Medical Billing kann kompliziert sein. Aber die Liebe zum Detail deutlich reduziert Anspruch Dementis.
Anleitung
Was Sie benötigen
Current Procedural Terminologie
International Classification of Diseases
Healthcare Gemeinsame Procedure Coding System
Starten Sie durch das Erlernen medizinischen Abrechnungs-Codes, einschließlich der International Classification of Diseases (ICD-9 und 10 Versionen), der Current Procedural Terminologie (CPT) und der Healthcare Gemeinsame Procedure Coding System (HCPCS) .. Dies kann durch Ausfüllen eines medizinischen Abrechnungs-Zertifizierung Kurs, den Sie zertifiziert als medizinische Abrechnung Spezialist erreicht werden. Es kann auch geschehen, werden in vielen Fällen durch die Erfahrung. Viele Arztpraxen bieten häufig einige Training on the Job für medizinische Büropersonal bei der Codierung und Verarbeitung Krankenversicherung Ansprüche.
Machen Sie sich mit allen Arten von medizinischen Abrechnungs-, einschließlich der Verarbeitung Forderungen und monatliche Kontoauszüge.
Besorgen Sie sich die sogenannten "Superbill", die Abrechnung Blatt, das alle medizinischen Verfahren und Tests, die auf einen bestimmten Patienten auf ein bestimmtes Datum der Zustellung verarbeitet werden müssen aufgelistet werden. Ein Büro "Superbill" wird üblicherweise eine Liste der verschiedenen CPT-Codes neben der Checkliste der Verfahren vorgesehen. Jedoch können viele Krankenhaus medizinische Abrechnungen erfordern Koordination der individuellen Gebühren zusammen mit dem Aufenthalt in Frage.
Passen Sie die CPT-Codes mit den entsprechenden Diagnose-Codes des Patienten. Bezahlen Sie besonders aufmerksam zu machen, dass die Diagnose-Codes mit dem Datum der Dienstleistung, die in Rechnung gestellt wird, übereinstimmen. Oft werden die Patienten in der Notaufnahme für eine Sache sein und zugelassen am nächsten Tag unter einem anderen Diagnose werden.
Verwenden Sie die entsprechende Krankenversicherung Abrechnung Ansprüche Form in Rechnung zu Krankenversicherungen. Typischerweise wird die Form ist ein CMS-1500-Antragsformular, von der National Uniform Anspruch Committee genehmigt. Allerdings können einige Versicherungsgesellschaft Formen, wie die von der American Family Life Assurance Company of Columbus (allgemein AFLAC bekannt), die vom Patienten verarbeitet werden. AFLAC und andere Unternehmen haben ihre eigenen medizinischen Abrechnungs-Formen, die müssen nur ausgefüllte entsprechend ihren spezifischen Anweisungen.

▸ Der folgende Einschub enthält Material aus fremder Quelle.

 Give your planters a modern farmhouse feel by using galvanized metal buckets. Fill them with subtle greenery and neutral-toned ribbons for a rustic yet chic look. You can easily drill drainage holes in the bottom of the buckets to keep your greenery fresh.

Sicherstellen, dass die CMS-1500 Formular ausgefüllten entsprechend mit Informationen zum Patienten, Versicherungen Informationen und medizinischen Leistungserbringer Informationen, einschließlich des Arztes nationaler Anbieter Kennung (bekannt als NPI-Nummer).
Bill, den Patienten für alle medizinischen Kosten direkt, wenn der Patient keine Versicherung oder wenn ihre Versicherung verlangt, dass sie einen Patienten Selbstbehalt Teil oder Co-Pay zahlen hat.

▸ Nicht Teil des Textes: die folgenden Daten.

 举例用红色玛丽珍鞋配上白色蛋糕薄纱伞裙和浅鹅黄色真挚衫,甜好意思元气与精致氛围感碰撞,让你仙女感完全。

Bill keine sekundären Versicherungen mit einem anderen CMS-1500 Formular und eine Kopie der Erstversicherung Erklärung von Leistungen oder EOB.
Tipps und Warnungen
Versicherung Anspruch Postanschriften können auf der Rückseite des Patienten Versicherung Karten gefunden werden.
Medical Billing kann entweder elektronisch oder per Papier Kopien verarbeitet werden. Doch fast alle Gesundheitssysteme jetzt verarbeiten medizinische Abrechnung elektronisch.
Einige medizinische Unternehmen benötigen Kopien von Patientenakten zu richten, um verarbeitet zu werden. Allerdings wird die in der Regel von der Versicherung beantragt werden, nachdem sie die medizinischen Abrechnungs-Antragsformular erhalten haben.